For the purpose of this case the pertinent parts of the deed of 1938 are as follows:

“That I, M. N. Twaddell, individually and as survivor of the community estate of Hattie R. Twaddell, deceased, of the County of Potter County, state of Texas, for and in consideration of her part of the estate of her mother, Hattie R. Twaddell, deceased, The party receiving settlement is my Daughter, Martha Leona Twaddell. Consideration as stated above. Dollars to $1.00 cash in hand paid by Martha Leona Twaddell, receipt of which is hereby acknowledged, have Granted, Sold and Conveyed and by these presents do Grant, Sell and Convey unto the said Martha Leona Twad-dell, of the County of Potter, State of Texas, all that certain property of record in my name in Potter County, Texas, save and except the North 54 feet of Lot 3 Block 3/240 in the plemons addition to the town of Amarillo, Potter County, Texas, this being our Home-stead, this is intended and does convey all Real & Personal property of record in my name in Potter County, Texas excepting our homestead as stated above.”

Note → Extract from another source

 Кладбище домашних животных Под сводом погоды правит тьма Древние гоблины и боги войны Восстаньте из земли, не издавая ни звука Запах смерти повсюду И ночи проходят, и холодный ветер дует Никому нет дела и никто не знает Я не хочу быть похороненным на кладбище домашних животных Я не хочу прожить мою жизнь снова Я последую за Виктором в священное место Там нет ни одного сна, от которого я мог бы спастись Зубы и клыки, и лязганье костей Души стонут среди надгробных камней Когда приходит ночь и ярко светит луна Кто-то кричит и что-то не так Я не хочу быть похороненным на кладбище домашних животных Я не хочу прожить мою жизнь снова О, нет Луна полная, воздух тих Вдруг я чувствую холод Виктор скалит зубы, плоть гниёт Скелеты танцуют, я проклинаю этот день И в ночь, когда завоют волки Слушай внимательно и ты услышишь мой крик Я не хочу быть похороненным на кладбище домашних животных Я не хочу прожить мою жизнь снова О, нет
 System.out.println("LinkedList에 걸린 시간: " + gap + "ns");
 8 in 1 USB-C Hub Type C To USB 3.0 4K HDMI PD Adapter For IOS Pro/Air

The next paragraph is the Habendum Clause, then follows:

“Witness our hand at Amarillo, Texas this 10th day of November, A. D. 1938.
“M. N. Twaddell for myself individually and as survivor of the community estate of Hattie R. Twaddell, deceased.”

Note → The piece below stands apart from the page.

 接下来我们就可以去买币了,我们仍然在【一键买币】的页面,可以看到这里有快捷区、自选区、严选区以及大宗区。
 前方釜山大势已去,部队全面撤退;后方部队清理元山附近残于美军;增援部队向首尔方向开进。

Likewise, the pertinent part of the deed of 1943 is as follows:

“That I, Martha Leona Twaddell Patterson, joined herein by my husband, Arthur Patterson of the County of Potter, and State of Texas, for and in consideration of the sum of One & No/100 ($1.00) Dollars, to us in hand paid by M. N. Twaddell, of the County of Potter, and State of Texas, the receipt of which is hereby acknowledged, do, by these presents, Bargain, Sell, Release, and Forever Quit Claim unto the said M. N. Twaddell, his heirs, and assigns, all our right, title and interest in and to that certain tract of parcel of land lying in the County of Potter, and State of Texas, described as follows to-wit:
“All our remaining interest in and to all property in Potter County Texas, both real and personal, which was *683 acquired by Martha Leona Twaddell, who is one and the same person as Martha Leona Twaddell Patterson, one of the grantors herein, from her father, M. N. Twaddell, individually and as survivor of the community estate of Hattie R. Twaddell, Deceased, as shown by that certain warranty deed dated November 10, 1938, and recorded in the Deed Records of Potter County, Texas, in Volume 285, at page 450, to which reference is here made.”

A reading of the 1938 deed shows no place in which M. N. Twaddell uses the word “owned.” On the contrary, the granting clause says, “ * * * All that certain property of record in my name in Potter County, Texas, save and except the North 54 feet of Lot 3, Block 3/240 in the plemons addition to the town of Amarillo, Potter County Texas.”